В начале XX века образованная молодежь начала насмехаться над этими суевериями, но они слишком глубоко укоренились, чтобы исчезнуть моментально, к тому же они не вредили боевым качествам казаков, не уменьшали их воинской доблести и прилежности к службе.
Попы крестили казацких детей, выбирая имя по своему усмотрению, согласно греко-православному календарю. Отсюда распространение имен, не имевших ничего общего с русскими святыми – покровителями войска или с царями… Порой казак объяснял, показывая на сына: «Мы его зовем Саней, но настоящее его имя Хрисанф (по-гречески: золотой цветок). Мы хотели назвать его Александром… Мы очень любим это имя. Сколько царей его носило!.. И наш герой Суворов! Его тоже звали Александром… А благоверный князь Александр Невский!.. Но попробуй поспорь с попом… И вот он Хрисанф…»
Избирались только атаманы станиц и городков. И только всеми уважаемый казак с безупречной репутацией мог быть избран и удостоен чести получить эмблему атаманской власти, насеку, а также станичную или поселковую печать. Попов, лучший историк забайкальского казачества, описывая собрание казаков, выводит на сцену станичного атамана: «С места поднялся атаман. Статный казак высокого роста, широкий умный лоб, из-под темных бровей светлые глаза окидывали присутствующих взглядом. Тотчас воцарилась тишина… Погасили сигареты, придавили пальцем табак в трубках, и все казаки встали. Остались сидеть только убеленные сединами. Сотни глаз уставились на атамана…»
У забайкальского казака были зоркий глаз и тонкий слух – необходимые для охотника качества. Охотясь, он на много недель уходил в тайгу и брал незначительную часть ее богатой фауны для себя и своей семьи. Из леса он также брал древесину, служившую ему материалом для постройки изб и других зданий, саней, телег, повозок. Он сам обрабатывал кожу, шедшую на изготовление обуви и конской сбруи, женщины плели шерсть. Земля давала казаку все необходимое для жизни, он практически ничего не покупал.

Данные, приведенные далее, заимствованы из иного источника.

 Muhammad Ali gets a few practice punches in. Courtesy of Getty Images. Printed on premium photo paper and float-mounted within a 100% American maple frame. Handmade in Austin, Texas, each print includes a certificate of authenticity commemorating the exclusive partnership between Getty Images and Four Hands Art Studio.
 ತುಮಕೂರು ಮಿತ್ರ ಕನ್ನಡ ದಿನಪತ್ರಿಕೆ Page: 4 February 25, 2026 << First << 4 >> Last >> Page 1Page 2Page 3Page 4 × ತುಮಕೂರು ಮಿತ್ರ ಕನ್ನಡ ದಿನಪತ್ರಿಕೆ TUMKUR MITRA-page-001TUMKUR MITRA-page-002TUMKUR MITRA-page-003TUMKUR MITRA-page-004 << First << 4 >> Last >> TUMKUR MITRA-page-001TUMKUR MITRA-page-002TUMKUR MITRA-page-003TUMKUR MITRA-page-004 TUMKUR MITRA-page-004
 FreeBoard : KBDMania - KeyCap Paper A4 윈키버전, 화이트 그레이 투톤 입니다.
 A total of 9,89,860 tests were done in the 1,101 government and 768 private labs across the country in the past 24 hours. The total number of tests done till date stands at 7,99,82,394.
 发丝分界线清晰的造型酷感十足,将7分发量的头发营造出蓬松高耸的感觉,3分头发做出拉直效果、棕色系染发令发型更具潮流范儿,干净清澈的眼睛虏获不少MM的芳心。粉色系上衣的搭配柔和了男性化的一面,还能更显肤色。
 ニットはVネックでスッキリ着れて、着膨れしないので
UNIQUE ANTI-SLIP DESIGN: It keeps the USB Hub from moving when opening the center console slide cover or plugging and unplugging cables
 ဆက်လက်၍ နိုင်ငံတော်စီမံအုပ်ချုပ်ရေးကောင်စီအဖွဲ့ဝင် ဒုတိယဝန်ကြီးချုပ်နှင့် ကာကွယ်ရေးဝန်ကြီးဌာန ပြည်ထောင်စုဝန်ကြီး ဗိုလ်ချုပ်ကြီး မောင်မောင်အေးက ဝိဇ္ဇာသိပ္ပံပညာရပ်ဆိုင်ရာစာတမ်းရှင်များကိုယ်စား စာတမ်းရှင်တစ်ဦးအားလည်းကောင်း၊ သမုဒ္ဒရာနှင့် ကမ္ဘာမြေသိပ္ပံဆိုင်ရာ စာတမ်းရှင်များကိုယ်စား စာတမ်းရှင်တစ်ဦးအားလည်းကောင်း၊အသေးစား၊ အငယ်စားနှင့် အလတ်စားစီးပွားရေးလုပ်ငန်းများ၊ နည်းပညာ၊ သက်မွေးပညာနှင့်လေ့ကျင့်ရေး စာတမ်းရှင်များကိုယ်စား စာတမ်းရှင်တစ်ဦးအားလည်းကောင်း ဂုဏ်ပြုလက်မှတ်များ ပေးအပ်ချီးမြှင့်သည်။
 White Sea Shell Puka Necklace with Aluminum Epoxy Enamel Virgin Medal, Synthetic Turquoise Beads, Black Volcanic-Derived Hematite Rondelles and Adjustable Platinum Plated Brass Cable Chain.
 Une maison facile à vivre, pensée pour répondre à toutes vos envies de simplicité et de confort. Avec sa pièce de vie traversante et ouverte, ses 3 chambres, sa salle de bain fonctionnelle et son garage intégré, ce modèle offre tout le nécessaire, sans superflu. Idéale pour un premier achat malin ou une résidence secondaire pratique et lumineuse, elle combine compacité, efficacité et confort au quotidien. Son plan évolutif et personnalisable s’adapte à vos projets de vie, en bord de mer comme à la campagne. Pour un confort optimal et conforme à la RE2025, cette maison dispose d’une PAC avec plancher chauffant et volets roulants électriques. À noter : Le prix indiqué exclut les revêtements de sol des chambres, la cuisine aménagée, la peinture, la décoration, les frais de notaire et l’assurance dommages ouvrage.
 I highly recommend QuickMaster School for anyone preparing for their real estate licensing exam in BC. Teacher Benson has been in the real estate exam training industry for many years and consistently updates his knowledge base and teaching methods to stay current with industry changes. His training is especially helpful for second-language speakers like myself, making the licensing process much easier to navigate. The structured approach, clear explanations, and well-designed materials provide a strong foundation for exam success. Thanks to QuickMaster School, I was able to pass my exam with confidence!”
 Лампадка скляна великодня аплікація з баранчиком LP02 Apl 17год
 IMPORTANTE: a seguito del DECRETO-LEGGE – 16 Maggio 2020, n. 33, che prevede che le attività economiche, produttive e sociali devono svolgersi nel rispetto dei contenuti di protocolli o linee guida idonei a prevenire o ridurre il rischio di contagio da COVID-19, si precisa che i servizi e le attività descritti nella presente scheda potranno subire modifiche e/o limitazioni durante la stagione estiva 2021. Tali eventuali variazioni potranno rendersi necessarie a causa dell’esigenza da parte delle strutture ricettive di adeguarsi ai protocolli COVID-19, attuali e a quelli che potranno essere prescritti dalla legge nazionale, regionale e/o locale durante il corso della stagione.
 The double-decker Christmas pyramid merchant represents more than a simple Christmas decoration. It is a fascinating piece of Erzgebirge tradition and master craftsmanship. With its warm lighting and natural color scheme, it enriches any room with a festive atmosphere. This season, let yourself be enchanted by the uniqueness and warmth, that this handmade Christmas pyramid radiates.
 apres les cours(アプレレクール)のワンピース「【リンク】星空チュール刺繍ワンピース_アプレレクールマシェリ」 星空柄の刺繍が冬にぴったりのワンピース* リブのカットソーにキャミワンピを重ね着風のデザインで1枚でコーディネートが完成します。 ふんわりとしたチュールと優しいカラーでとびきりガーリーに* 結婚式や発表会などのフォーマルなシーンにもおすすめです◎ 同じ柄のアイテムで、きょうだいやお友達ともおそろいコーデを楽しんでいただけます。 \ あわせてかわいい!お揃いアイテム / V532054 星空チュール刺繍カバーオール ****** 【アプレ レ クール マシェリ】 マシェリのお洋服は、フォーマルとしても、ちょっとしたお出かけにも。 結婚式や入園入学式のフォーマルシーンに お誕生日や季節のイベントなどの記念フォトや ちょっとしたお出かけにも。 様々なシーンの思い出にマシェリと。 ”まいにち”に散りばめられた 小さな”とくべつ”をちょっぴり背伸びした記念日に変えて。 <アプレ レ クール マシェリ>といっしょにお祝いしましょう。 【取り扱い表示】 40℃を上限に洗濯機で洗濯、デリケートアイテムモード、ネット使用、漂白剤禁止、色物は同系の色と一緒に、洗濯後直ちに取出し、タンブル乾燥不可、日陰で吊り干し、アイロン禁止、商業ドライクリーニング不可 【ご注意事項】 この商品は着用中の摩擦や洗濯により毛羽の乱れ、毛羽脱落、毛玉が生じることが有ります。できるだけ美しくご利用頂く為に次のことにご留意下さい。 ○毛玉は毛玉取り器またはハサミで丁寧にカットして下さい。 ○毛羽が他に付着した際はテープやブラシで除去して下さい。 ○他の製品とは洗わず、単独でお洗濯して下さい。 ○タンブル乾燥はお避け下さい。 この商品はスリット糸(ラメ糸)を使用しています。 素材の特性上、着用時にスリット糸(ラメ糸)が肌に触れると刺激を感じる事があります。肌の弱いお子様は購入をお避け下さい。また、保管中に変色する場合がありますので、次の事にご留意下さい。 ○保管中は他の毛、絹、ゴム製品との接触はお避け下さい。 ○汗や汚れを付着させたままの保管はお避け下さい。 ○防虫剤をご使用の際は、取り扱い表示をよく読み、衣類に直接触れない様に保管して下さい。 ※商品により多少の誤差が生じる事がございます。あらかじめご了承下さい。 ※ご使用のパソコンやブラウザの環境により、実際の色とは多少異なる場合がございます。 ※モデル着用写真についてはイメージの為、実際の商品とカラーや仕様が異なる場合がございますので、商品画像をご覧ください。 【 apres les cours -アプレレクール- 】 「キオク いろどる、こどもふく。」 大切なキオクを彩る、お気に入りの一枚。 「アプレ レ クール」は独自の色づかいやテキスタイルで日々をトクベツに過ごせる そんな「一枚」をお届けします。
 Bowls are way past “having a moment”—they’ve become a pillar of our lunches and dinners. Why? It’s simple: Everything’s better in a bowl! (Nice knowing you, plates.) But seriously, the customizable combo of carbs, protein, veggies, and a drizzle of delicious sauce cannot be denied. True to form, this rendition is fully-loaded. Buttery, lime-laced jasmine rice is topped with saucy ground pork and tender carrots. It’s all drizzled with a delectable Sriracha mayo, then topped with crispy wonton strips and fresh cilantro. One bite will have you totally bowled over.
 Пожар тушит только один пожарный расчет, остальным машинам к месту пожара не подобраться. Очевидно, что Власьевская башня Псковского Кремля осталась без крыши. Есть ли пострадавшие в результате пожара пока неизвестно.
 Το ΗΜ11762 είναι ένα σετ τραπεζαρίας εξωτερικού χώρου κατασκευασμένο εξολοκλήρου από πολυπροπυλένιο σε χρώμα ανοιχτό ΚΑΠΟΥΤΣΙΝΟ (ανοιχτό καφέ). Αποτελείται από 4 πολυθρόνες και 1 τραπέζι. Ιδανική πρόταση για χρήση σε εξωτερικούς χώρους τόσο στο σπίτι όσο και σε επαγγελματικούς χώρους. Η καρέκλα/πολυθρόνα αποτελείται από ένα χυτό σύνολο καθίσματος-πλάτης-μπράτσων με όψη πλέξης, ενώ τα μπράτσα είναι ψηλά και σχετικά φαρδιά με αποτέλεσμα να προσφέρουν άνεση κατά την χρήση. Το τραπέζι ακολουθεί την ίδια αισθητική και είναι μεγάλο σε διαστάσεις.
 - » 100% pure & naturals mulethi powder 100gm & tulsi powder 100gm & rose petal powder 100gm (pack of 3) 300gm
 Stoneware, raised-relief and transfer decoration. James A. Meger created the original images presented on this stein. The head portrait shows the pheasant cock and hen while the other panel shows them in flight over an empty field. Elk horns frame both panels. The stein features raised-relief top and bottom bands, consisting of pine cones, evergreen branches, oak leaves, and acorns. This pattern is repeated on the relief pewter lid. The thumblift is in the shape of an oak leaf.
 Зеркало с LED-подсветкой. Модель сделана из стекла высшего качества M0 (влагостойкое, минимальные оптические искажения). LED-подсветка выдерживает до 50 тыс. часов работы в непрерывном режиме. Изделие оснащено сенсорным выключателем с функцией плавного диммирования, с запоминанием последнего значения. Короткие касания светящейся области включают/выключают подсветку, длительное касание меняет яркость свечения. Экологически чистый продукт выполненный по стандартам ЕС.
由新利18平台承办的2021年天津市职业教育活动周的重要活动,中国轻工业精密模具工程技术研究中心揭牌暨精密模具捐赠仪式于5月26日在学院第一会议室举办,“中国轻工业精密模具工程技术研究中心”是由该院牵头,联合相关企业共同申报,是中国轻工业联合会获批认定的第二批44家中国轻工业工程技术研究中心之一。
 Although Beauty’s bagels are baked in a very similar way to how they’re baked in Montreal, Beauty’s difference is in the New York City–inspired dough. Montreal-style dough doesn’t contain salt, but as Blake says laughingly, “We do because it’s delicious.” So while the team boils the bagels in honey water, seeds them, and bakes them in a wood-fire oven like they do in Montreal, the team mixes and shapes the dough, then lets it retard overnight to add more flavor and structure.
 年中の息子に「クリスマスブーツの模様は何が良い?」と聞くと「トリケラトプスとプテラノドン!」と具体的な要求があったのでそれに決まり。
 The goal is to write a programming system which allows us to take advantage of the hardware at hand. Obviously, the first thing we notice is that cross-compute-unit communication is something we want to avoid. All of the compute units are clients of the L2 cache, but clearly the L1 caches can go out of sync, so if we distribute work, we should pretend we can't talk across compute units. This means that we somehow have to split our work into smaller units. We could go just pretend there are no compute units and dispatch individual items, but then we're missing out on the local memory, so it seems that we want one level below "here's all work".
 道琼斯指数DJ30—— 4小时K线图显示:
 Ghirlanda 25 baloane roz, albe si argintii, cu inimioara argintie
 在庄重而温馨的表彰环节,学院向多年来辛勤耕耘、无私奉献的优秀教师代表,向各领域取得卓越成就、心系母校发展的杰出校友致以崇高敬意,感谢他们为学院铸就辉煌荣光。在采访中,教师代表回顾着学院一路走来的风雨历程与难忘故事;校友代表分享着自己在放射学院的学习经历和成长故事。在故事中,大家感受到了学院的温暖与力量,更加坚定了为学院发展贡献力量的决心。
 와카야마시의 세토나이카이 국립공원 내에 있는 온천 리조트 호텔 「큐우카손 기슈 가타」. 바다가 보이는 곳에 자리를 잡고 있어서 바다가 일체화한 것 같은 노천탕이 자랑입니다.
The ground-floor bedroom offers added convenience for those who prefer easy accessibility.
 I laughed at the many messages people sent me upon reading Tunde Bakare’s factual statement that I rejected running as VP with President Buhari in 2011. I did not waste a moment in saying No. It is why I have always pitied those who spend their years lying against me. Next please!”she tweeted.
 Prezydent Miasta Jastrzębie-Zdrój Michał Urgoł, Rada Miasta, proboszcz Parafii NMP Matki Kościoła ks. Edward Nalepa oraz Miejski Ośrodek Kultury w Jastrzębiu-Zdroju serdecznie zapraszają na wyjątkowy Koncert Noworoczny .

Зимой, после окончания полевых работ, из-за сурового климата он был вынужден сидеть дома. Тогда он проводил многие часы за столом с приятелями, пришедшими составить ему компанию: они вместе пели старые казачьи песни, плясали, разумеется, казачьи пляски. Он был очень гостеприимен, и в этом богатом краю его гостеприимство обычно было широким и щедрым. Его стол всегда был обильным, и за разговорами забайкальский казак неспешно ел с гостями соленое и вяленое мясо, копченую или сушеную рыбу, грибы, молочные продукты…
Чаевание – любимое занятие всех русских, но для забайкальских казаков оно стало почти ритуальным действием. Они посвящали ему много времени, даже на войне, по воспоминаниям полковника Квитки, рассказывающего об этом с явным неудовольствием: «В 3 часа утра я разбудил казаков. Потягиваясь да позевывая, они стали выводить лошадей на водопой, потом подвесили торбы с зерном, и началось продолжительное чаевание, точно совершалось какое-то священнодействие… <…> я проснулся и разбудил казаков; опять они копались и чаевали бесконечно. <…> Против этой неповоротливости и неспособности забайкальцев к расторопной работе ничего не поделаешь; их чаевание, когда время дорого, может извести самого хладнокровного человека».
Казак любил тайгу, охоту, но также он любил и землю. Он с детства приучался к работе на ней. Для того чтобы засеять поле, надо было вырубить лес, выкорчевать корни, распахать… Как и во всех своих делах, он никогда не начинал работу без того, чтобы вместе с семьей долго и страстно помолиться Богу о даровании хорошего урожая.
Пока казаки напряженно трудились, старики оставались дома, но не бездельничали. Они мастерили носилки, лыжи, сани, грабли, вилы. Обдирали кору с деревьев, из которой изготавливали различные вещи для дома. Варили деготь и смолу. Вместе с женщинами забивали овец. Женщины вялили мясо, сушили сухари, а дети пытались делать метлы и щетки.
Ранее забайкальцы были не слишком расположены к учению: их предки прекрасно жили в невежестве. Но не всегда приятно зависеть от станичного книжника, а главное, самолюбие казака страдало от того, что он не мог сам расписаться и бывал вынужден звать грамотея, чтобы тот сделал это за него… Поэтому в станицах стали постепенно появляться школы, иногда до ближайшей приходилось добираться несколько верст, но казаки быстро оценили преимущества образования: все возвращавшиеся к себе в станицы после действительной службы умели читать и писать. Потом школы построили чуть ли не в каждом городке, каждой станице. После трех лет учебы в станице те, кто мог, а главное, хотел продолжать учебу, посещали учебные заведения более высокой ступени.